-- Work request --
Below, locate the line that contains "Es un simple". Repeat exactly from that line to the line that contains "1年生は食器のかごを四人で運んでいます。", inclusive, leaving out the pictures.

Saved entries:
- Opening Delimiter -
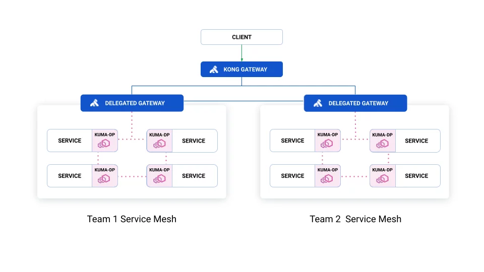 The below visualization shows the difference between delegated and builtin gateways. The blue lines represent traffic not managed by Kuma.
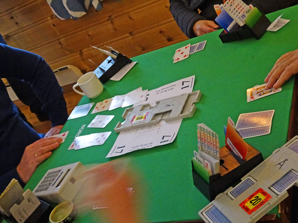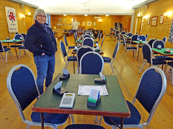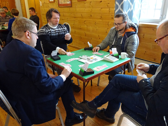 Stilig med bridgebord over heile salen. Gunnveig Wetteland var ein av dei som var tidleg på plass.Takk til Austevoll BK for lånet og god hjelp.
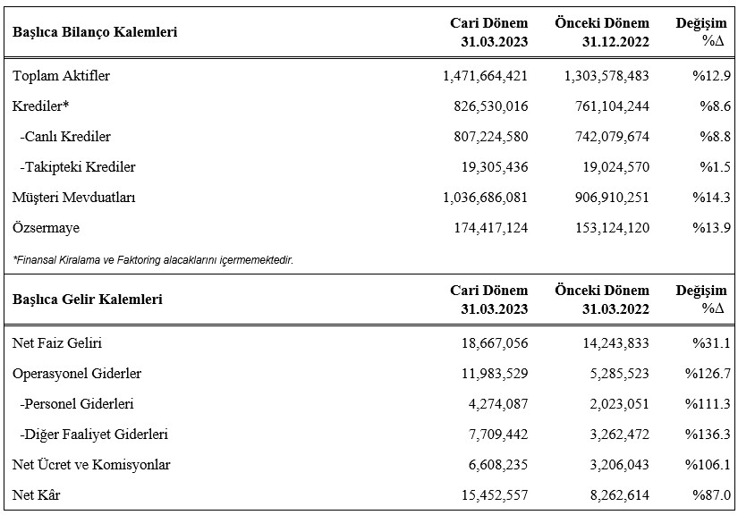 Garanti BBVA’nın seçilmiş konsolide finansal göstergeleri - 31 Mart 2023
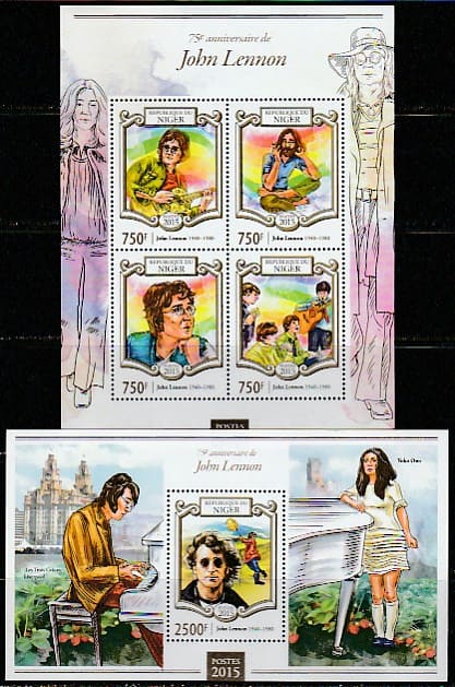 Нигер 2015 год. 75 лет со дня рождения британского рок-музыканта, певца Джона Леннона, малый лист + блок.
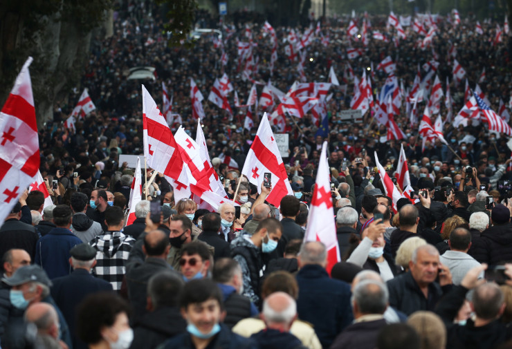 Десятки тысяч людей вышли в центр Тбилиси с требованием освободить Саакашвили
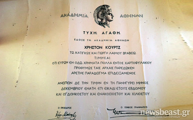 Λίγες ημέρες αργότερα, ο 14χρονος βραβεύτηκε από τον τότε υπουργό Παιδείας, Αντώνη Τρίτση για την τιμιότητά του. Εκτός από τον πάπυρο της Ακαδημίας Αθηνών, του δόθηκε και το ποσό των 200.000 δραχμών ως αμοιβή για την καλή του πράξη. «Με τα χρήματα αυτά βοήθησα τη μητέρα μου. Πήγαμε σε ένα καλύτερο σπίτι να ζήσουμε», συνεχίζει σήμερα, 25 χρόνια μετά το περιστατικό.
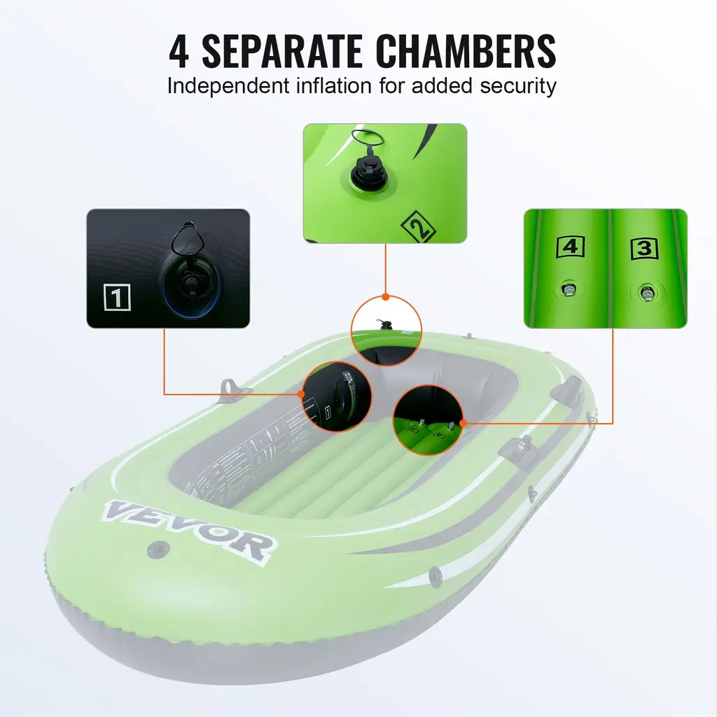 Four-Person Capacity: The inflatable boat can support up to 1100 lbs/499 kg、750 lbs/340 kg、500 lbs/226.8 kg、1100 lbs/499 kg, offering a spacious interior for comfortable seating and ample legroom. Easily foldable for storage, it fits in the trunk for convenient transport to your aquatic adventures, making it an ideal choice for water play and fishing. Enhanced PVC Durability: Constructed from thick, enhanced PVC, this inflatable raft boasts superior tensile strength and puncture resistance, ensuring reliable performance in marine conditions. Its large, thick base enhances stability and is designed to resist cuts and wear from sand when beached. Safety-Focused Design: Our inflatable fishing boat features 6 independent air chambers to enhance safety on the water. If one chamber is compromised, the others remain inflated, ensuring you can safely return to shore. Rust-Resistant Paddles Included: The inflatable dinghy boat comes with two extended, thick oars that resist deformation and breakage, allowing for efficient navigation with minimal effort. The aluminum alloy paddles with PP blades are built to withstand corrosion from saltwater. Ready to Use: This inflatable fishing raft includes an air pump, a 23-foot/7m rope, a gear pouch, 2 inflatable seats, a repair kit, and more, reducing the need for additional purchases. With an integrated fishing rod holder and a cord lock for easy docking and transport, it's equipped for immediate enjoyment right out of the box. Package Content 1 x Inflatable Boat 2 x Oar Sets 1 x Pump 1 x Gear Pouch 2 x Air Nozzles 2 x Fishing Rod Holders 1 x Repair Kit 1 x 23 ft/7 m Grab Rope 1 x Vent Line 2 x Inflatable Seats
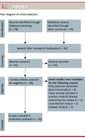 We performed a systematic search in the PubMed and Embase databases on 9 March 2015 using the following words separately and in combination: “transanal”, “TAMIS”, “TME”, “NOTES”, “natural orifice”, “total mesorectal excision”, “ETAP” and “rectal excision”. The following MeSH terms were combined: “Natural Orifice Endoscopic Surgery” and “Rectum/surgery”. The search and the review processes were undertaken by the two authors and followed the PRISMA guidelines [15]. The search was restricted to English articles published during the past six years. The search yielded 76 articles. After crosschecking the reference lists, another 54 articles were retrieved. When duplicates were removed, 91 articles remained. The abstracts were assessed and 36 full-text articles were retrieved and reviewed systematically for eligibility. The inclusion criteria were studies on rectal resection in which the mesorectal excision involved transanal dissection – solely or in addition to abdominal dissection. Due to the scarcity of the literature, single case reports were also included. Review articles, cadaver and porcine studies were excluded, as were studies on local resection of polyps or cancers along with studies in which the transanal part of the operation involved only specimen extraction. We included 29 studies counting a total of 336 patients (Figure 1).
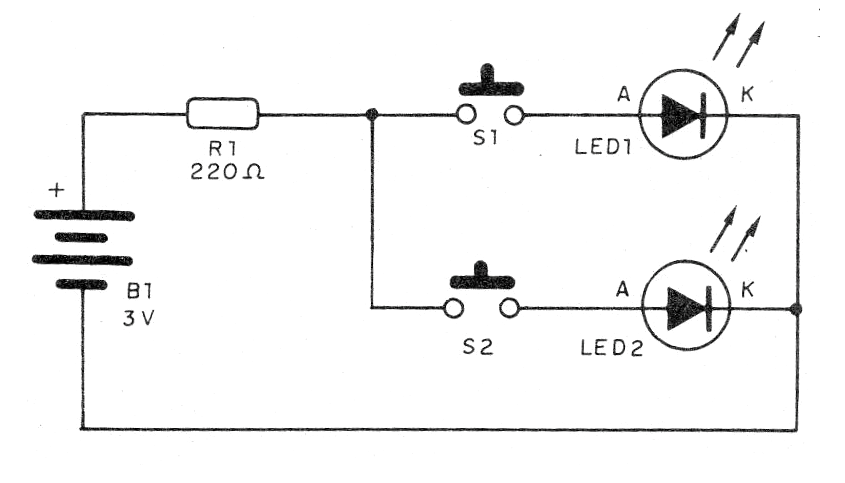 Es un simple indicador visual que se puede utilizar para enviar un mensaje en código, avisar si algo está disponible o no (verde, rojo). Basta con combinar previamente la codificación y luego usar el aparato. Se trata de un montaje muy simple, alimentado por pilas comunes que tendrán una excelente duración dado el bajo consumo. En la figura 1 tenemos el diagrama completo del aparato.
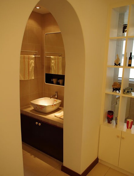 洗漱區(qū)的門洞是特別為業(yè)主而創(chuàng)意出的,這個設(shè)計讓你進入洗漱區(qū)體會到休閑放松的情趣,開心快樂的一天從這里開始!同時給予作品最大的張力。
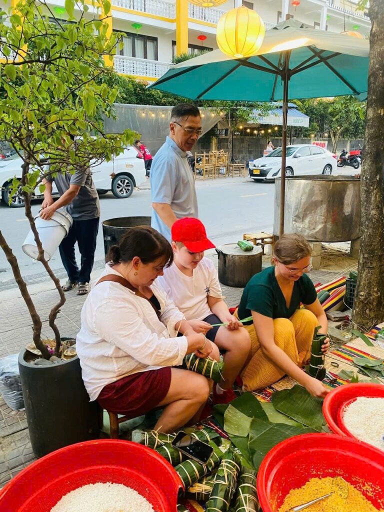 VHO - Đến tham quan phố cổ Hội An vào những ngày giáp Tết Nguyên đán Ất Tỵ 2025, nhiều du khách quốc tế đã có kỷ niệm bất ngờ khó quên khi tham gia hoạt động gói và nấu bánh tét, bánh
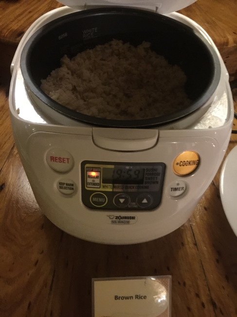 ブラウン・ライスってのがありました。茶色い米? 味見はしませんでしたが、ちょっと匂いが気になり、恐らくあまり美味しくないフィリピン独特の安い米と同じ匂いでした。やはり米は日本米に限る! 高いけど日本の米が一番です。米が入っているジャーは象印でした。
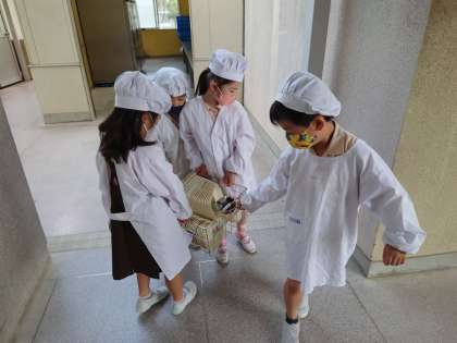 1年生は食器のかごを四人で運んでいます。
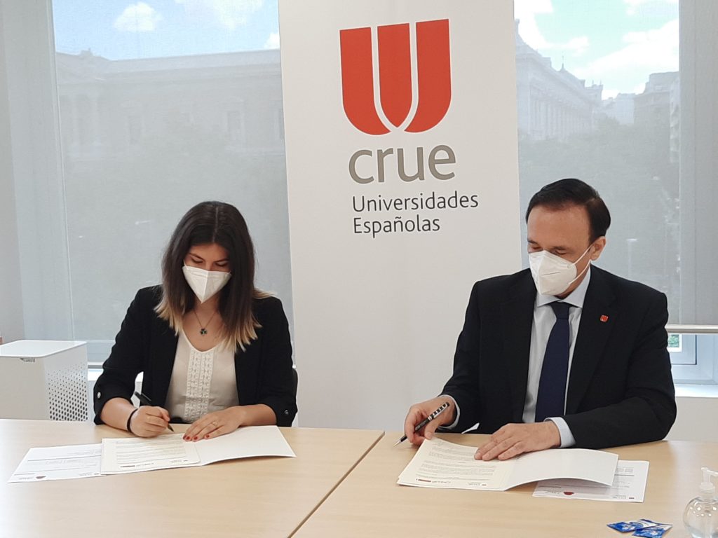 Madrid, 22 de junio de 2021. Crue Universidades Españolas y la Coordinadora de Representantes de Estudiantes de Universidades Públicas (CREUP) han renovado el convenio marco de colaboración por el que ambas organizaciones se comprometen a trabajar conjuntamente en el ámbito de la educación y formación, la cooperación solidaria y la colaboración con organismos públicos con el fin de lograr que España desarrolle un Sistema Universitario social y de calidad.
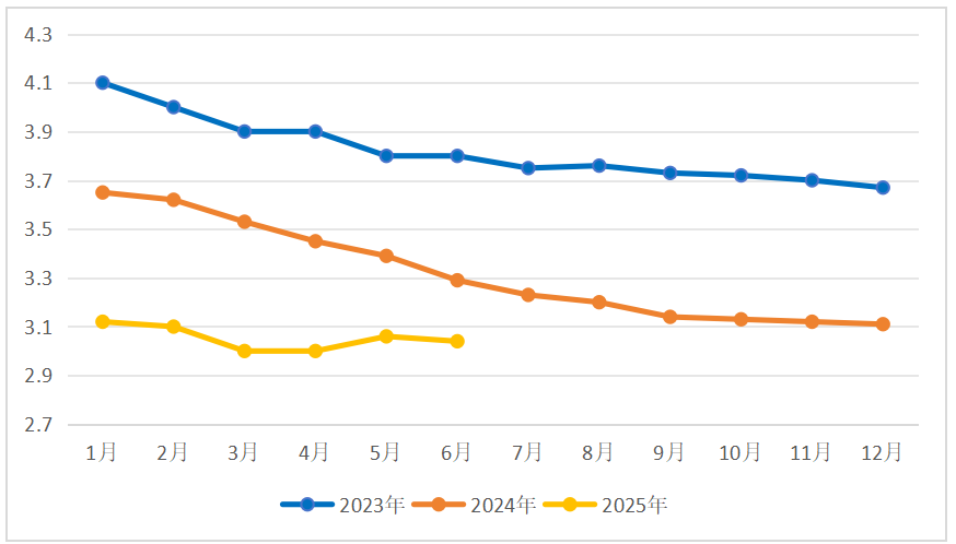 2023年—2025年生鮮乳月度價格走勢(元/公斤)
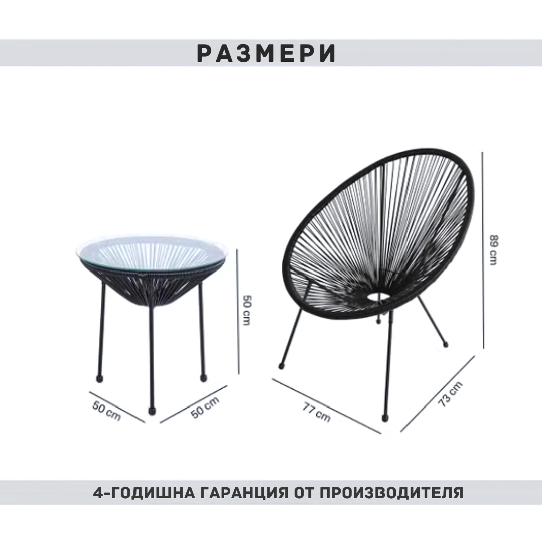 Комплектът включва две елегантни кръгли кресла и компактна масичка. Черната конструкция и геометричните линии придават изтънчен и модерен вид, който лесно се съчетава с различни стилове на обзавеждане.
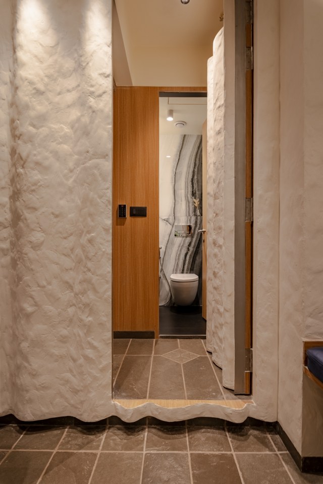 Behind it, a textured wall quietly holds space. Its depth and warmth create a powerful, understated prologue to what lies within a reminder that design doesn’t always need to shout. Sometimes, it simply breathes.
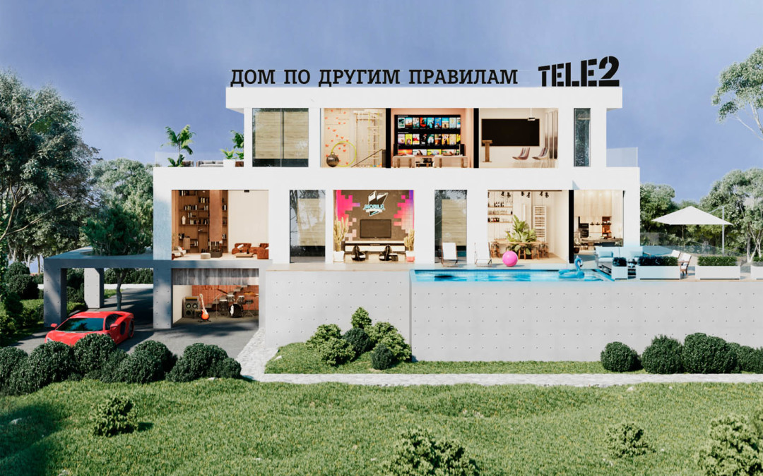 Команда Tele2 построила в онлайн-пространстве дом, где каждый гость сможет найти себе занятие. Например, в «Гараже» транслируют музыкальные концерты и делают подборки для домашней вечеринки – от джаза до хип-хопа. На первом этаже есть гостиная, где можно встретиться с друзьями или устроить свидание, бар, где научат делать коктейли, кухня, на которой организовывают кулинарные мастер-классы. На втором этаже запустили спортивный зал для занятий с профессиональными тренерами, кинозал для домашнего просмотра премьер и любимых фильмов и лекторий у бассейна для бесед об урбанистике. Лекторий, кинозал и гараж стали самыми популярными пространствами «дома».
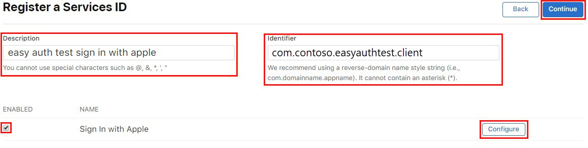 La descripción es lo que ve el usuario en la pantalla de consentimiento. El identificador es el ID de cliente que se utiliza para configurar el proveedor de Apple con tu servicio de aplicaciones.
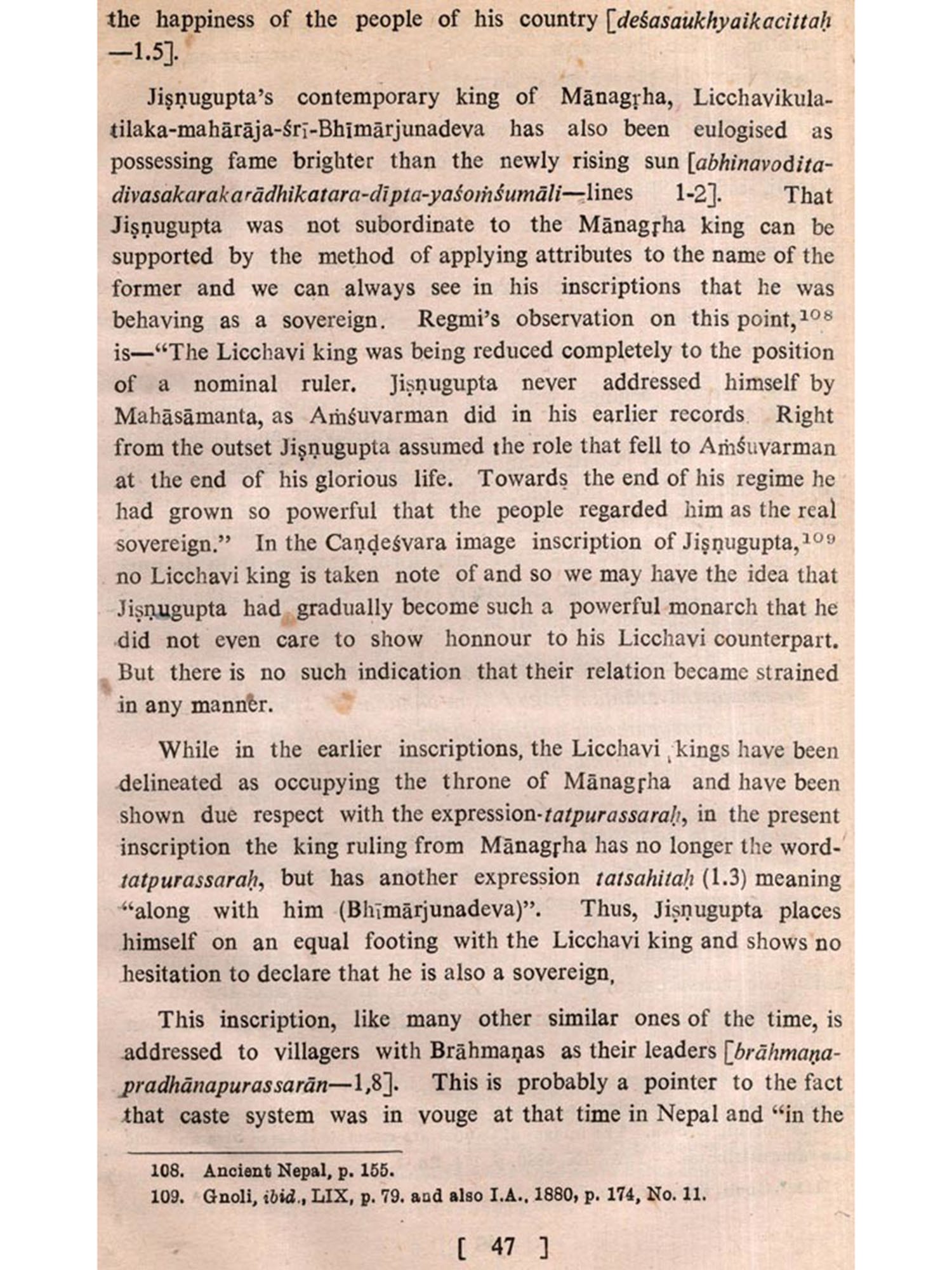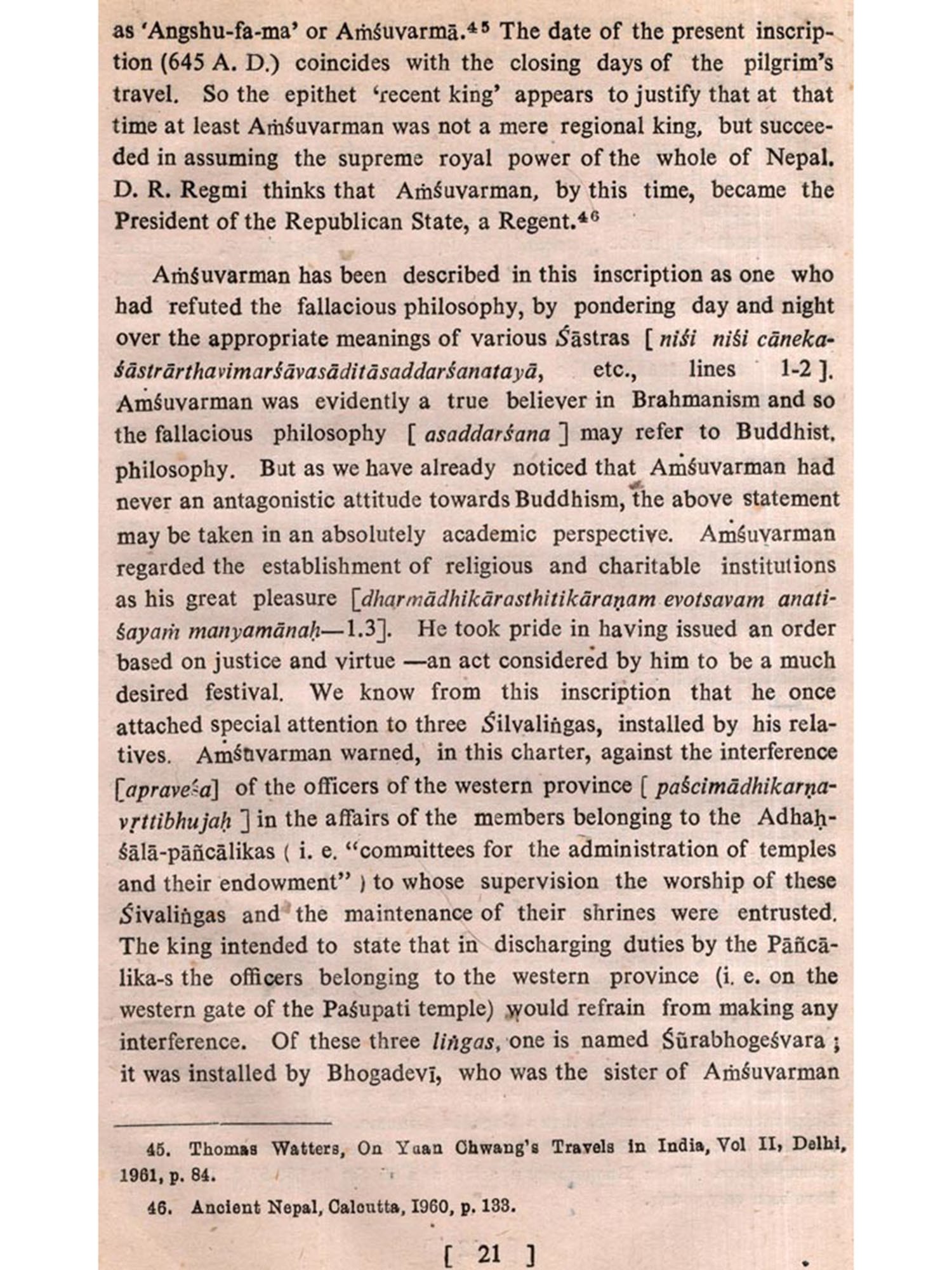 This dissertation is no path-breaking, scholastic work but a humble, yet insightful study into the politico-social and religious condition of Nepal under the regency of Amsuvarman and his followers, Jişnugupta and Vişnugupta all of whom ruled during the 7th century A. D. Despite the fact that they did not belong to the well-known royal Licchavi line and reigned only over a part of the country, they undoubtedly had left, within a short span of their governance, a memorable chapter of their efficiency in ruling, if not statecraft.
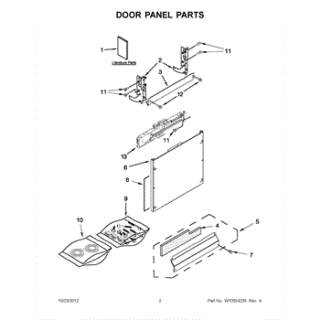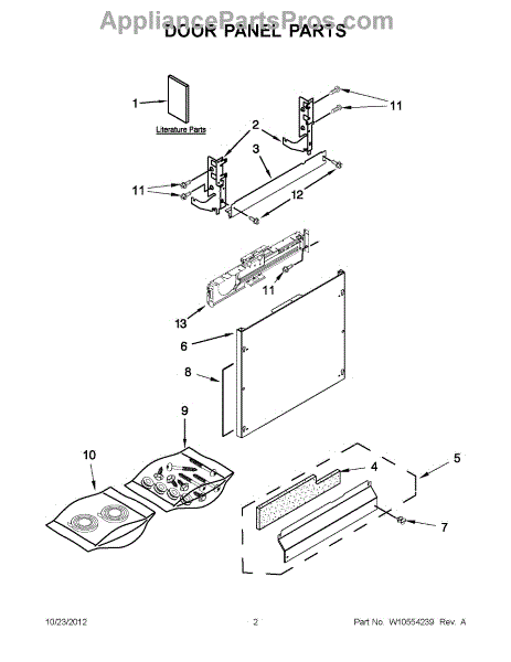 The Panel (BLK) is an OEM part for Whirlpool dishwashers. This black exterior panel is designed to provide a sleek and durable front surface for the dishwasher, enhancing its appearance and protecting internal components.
- Closing Delimiter -
-- Written answer --
 Es un simple indicador visual que se puede utilizar para enviar un mensaje en código, avisar si algo está disponible o no (verde, rojo). Basta con combinar previamente la codificación y luego usar el aparato. Se trata de un montaje muy simple, alimentado por pilas comunes que tendrán una excelente duración dado el bajo consumo. En la figura 1 tenemos el diagrama completo del aparato.
 洗漱區(qū)的門洞是特別為業(yè)主而創(chuàng)意出的,這個設(shè)計讓你進入洗漱區(qū)體會到休閑放松的情趣,開心快樂的一天從這里開始!同時給予作品最大的張力。
 VHO - Đến tham quan phố cổ Hội An vào những ngày giáp Tết Nguyên đán Ất Tỵ 2025, nhiều du khách quốc tế đã có kỷ niệm bất ngờ khó quên khi tham gia hoạt động gói và nấu bánh tét, bánh
 ブラウン・ライスってのがありました。茶色い米? 味見はしませんでしたが、ちょっと匂いが気になり、恐らくあまり美味しくないフィリピン独特の安い米と同じ匂いでした。やはり米は日本米に限る! 高いけど日本の米が一番です。米が入っているジャーは象印でした。
 1年生は食器のかごを四人で運んでいます。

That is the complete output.